Work order:
Given the entries below, would you transcribe exactly the lines starting at the one with "Each charm is" and ending at the one with "Започаткувала цей День", both kept, pictures omitted, nothing extra?

Extracted data entries:
● ● ● ●

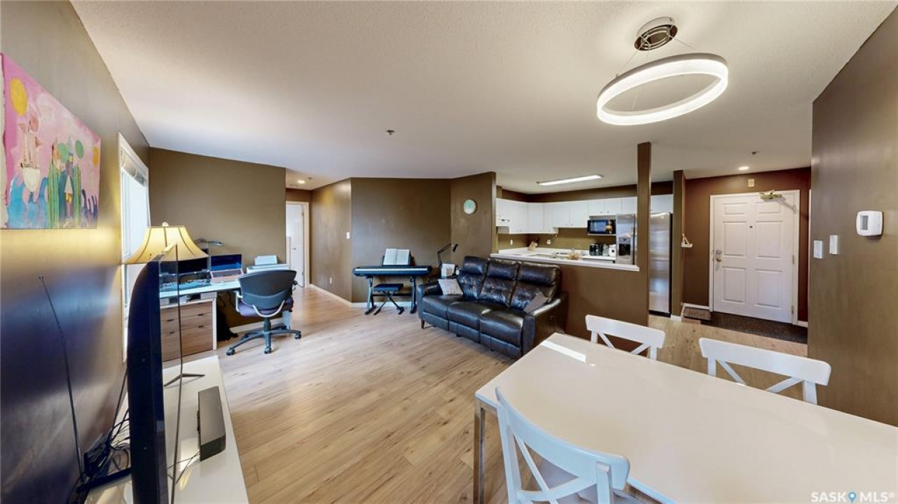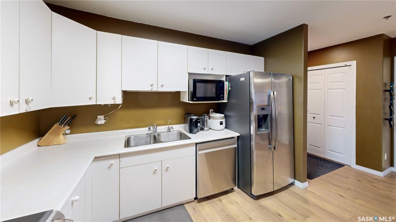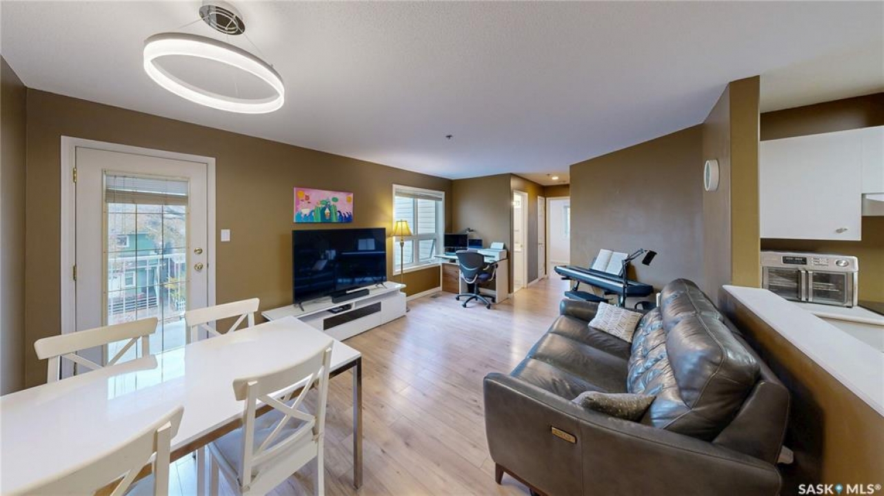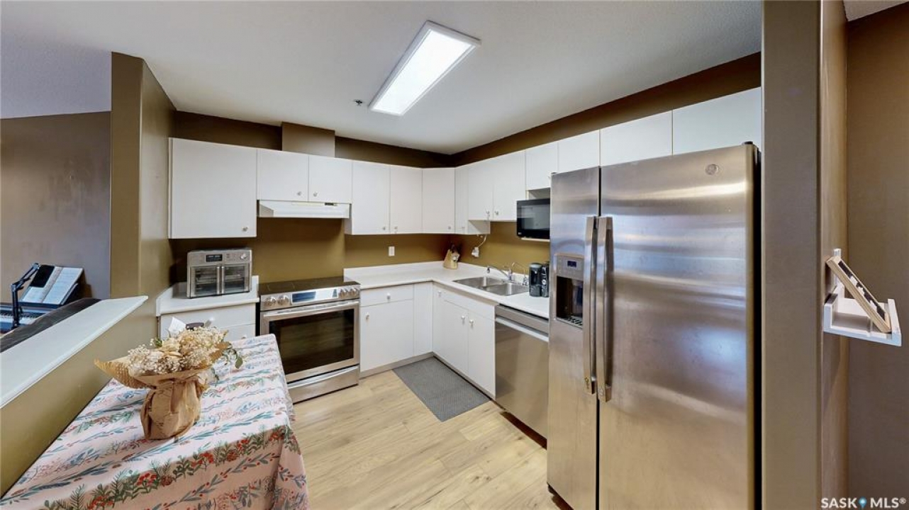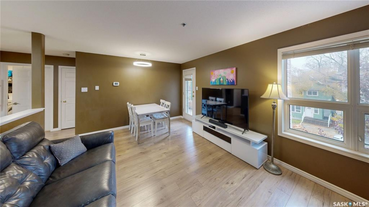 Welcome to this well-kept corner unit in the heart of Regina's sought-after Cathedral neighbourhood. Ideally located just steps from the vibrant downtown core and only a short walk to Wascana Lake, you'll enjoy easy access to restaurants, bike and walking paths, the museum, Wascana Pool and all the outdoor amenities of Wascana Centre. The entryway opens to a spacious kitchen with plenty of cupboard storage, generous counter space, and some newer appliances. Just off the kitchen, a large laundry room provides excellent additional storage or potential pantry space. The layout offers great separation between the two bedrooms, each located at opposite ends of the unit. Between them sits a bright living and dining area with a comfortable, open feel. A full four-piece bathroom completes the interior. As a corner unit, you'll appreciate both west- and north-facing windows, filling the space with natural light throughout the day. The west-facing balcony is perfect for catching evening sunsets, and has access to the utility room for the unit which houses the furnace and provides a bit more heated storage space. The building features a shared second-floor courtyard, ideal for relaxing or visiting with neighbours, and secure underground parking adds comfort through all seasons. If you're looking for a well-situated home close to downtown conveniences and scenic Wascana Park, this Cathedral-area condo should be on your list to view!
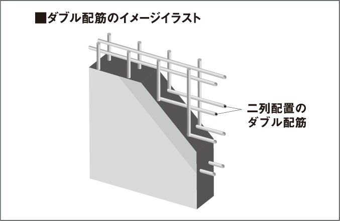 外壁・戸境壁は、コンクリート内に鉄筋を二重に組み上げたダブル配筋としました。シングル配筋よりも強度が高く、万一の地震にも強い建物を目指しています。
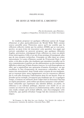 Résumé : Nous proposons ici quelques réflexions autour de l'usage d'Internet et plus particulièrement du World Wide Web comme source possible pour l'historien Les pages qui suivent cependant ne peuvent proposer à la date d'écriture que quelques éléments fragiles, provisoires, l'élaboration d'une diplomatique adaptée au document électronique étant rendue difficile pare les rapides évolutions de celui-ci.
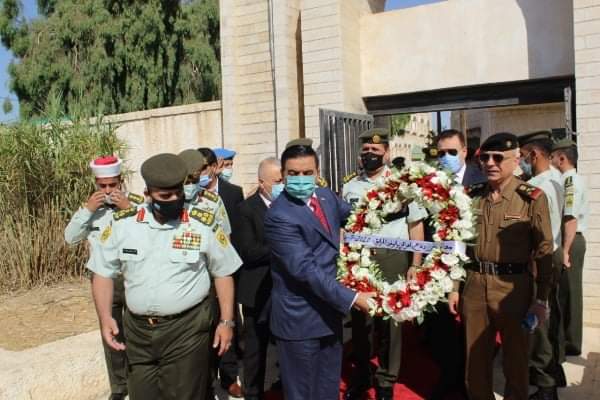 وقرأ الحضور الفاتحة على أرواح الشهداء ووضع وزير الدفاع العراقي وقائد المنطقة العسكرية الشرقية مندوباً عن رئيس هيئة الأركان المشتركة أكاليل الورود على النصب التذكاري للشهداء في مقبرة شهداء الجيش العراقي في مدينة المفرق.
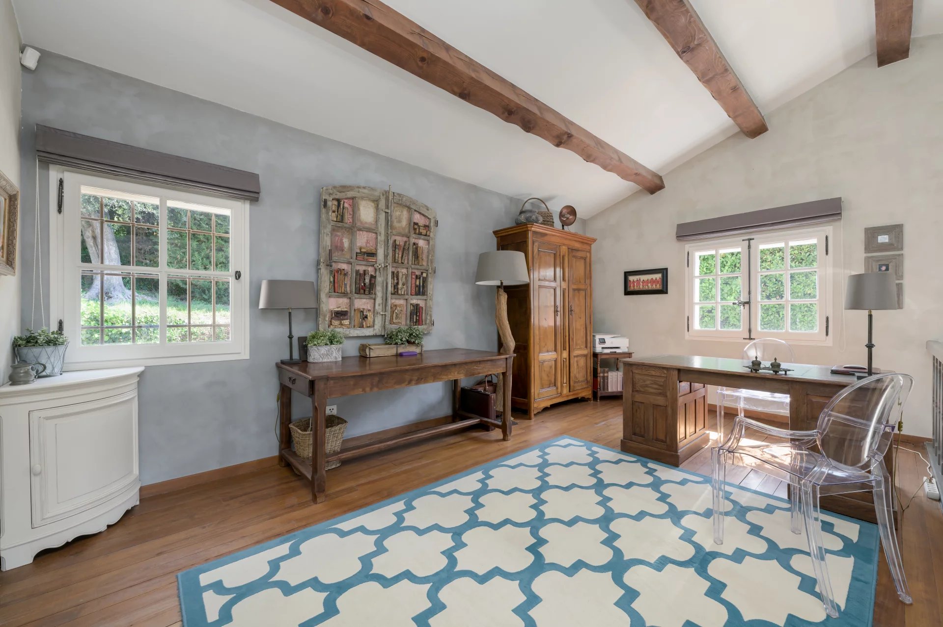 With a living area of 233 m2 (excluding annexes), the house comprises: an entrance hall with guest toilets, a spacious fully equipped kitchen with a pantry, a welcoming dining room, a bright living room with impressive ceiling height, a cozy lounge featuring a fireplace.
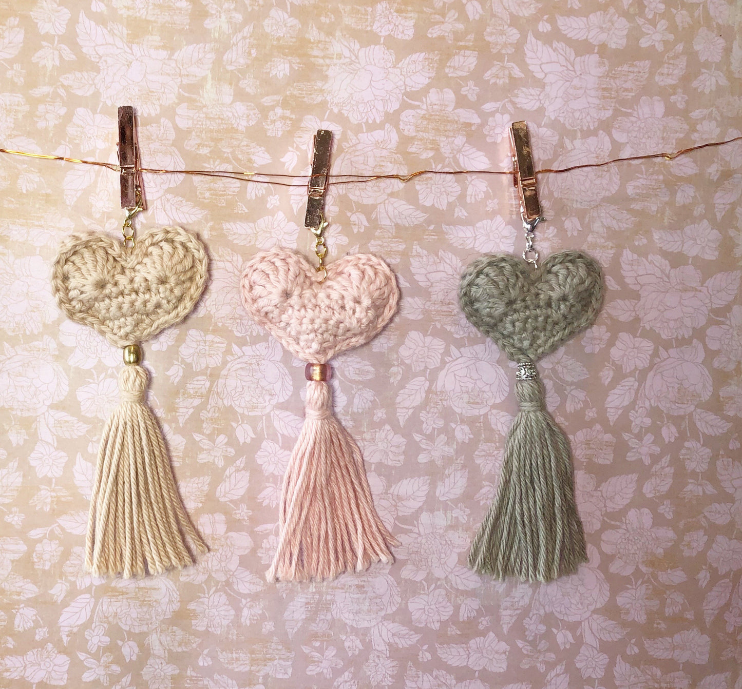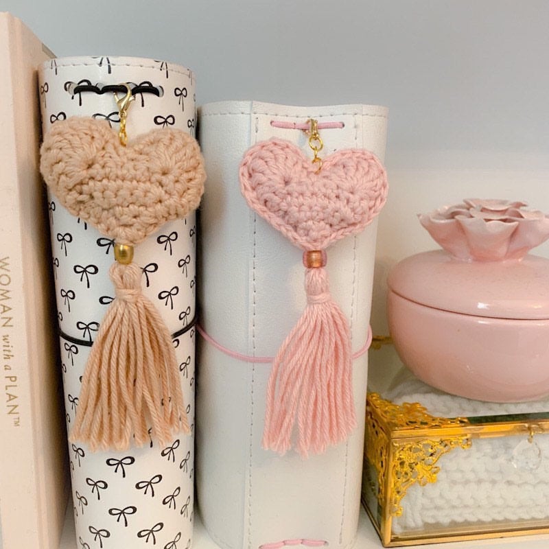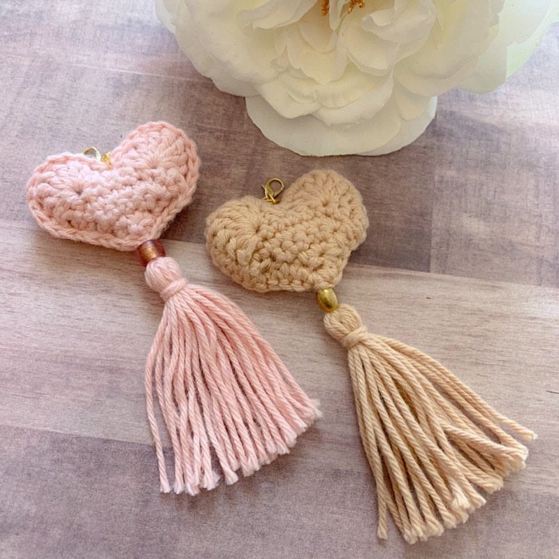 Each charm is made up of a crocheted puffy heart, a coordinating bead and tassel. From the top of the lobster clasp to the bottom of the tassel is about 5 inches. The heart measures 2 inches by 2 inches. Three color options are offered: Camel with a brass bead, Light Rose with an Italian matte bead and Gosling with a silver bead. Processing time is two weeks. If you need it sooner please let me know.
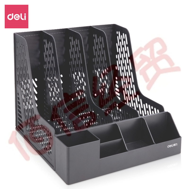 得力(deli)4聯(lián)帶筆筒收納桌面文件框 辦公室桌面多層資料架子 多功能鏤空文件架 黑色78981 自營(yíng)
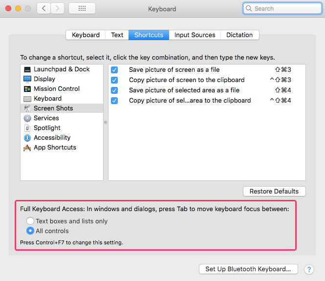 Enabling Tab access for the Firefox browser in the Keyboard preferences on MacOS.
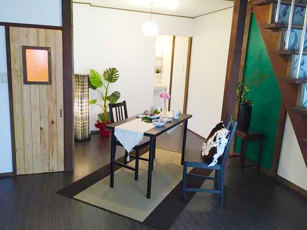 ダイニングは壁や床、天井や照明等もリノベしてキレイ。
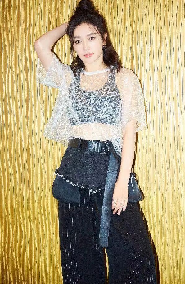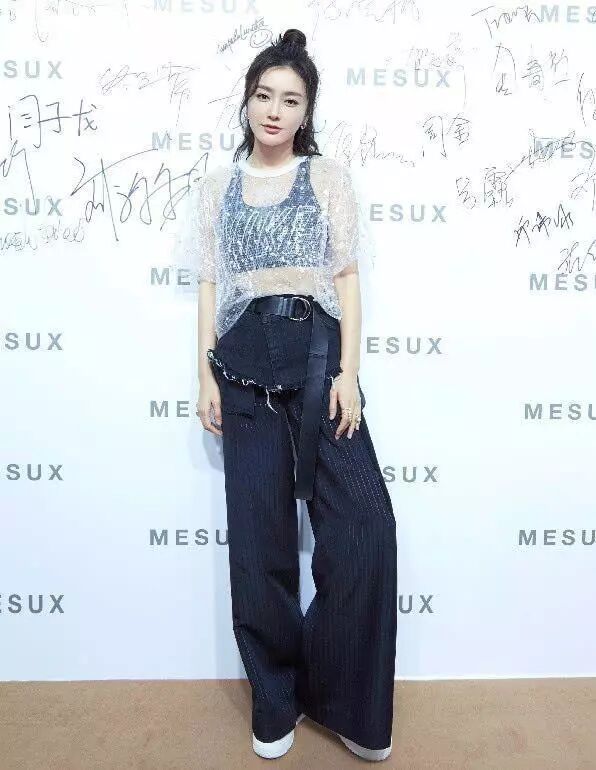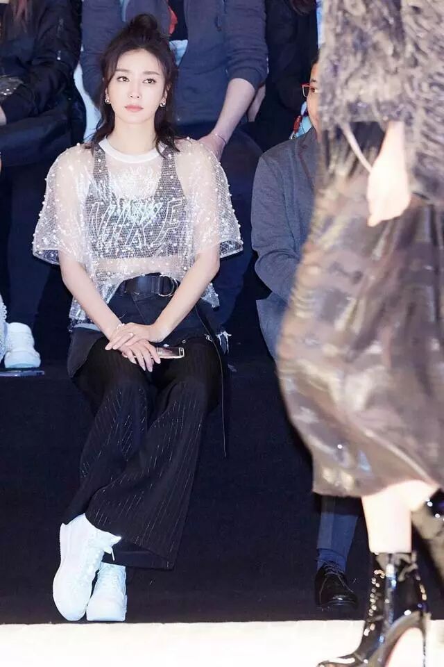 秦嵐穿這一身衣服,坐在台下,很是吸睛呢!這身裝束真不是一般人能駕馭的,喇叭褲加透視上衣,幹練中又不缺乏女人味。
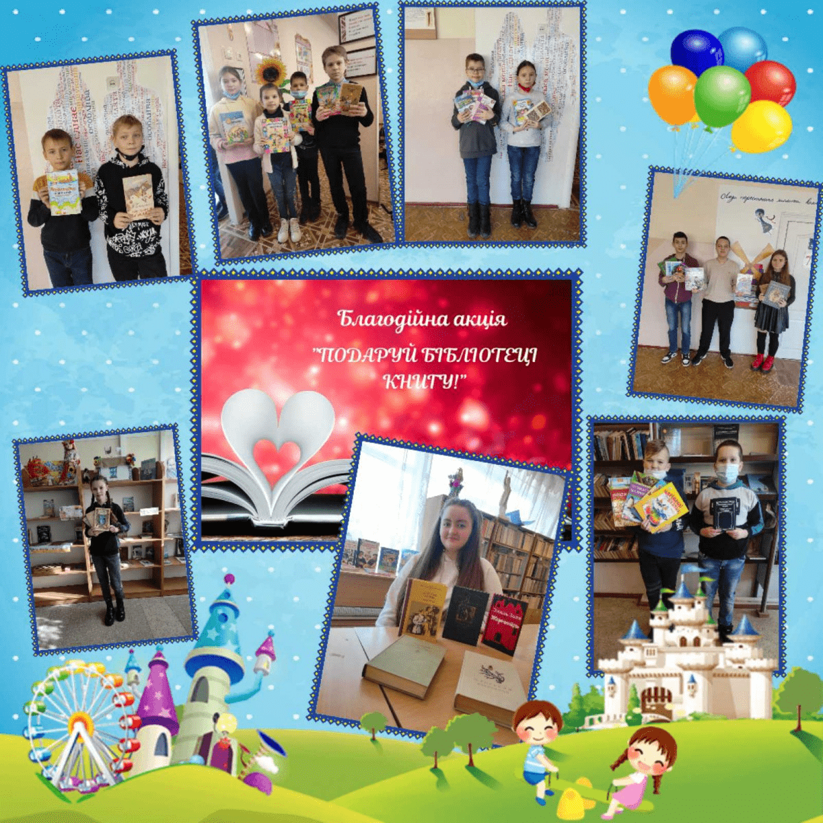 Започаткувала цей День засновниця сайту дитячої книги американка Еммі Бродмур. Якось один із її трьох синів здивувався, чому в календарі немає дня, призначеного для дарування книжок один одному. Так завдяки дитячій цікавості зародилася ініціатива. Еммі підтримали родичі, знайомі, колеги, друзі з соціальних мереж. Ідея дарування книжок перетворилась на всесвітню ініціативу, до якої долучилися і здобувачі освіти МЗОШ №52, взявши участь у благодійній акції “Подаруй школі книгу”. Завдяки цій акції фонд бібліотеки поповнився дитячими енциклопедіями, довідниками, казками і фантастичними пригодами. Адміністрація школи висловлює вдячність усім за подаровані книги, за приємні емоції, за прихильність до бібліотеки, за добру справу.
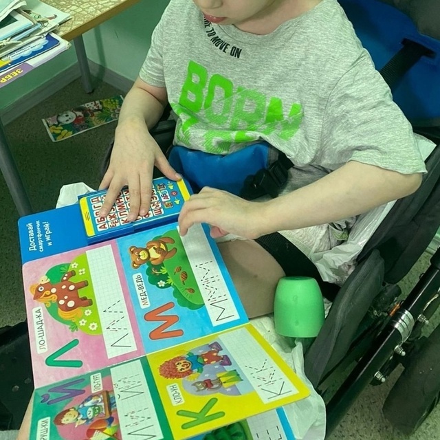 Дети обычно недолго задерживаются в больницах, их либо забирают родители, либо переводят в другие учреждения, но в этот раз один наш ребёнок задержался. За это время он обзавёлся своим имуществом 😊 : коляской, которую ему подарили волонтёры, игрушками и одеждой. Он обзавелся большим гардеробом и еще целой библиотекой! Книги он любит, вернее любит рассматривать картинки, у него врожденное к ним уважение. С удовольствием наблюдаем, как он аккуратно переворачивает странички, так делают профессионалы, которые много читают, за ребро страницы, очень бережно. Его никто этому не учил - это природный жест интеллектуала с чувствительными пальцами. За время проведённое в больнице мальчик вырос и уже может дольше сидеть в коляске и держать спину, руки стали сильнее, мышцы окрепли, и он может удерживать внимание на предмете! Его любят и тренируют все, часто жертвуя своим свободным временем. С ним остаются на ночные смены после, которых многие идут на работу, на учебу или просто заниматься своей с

● ● ● ●

Solution to the exercise:
 Each charm is made up of a crocheted puffy heart, a coordinating bead and tassel. From the top of the lobster clasp to the bottom of the tassel is about 5 inches. The heart measures 2 inches by 2 inches. Three color options are offered: Camel with a brass bead, Light Rose with an Italian matte bead and Gosling with a silver bead. Processing time is two weeks. If you need it sooner please let me know.
 得力(deli)4聯(lián)帶筆筒收納桌面文件框 辦公室桌面多層資料架子 多功能鏤空文件架 黑色78981 自營(yíng)
 Enabling Tab access for the Firefox browser in the Keyboard preferences on MacOS.
 ダイニングは壁や床、天井や照明等もリノベしてキレイ。
 秦嵐穿這一身衣服,坐在台下,很是吸睛呢!這身裝束真不是一般人能駕馭的,喇叭褲加透視上衣,幹練中又不缺乏女人味。
 Започаткувала цей День засновниця сайту дитячої книги американка Еммі Бродмур. Якось один із її трьох синів здивувався, чому в календарі немає дня, призначеного для дарування книжок один одному. Так завдяки дитячій цікавості зародилася ініціатива. Еммі підтримали родичі, знайомі, колеги, друзі з соціальних мереж. Ідея дарування книжок перетворилась на всесвітню ініціативу, до якої долучилися і здобувачі освіти МЗОШ №52, взявши участь у благодійній акції “Подаруй школі книгу”. Завдяки цій акції фонд бібліотеки поповнився дитячими енциклопедіями, довідниками, казками і фантастичними пригодами. Адміністрація школи висловлює вдячність усім за подаровані книги, за приємні емоції, за прихильність до бібліотеки, за добру справу.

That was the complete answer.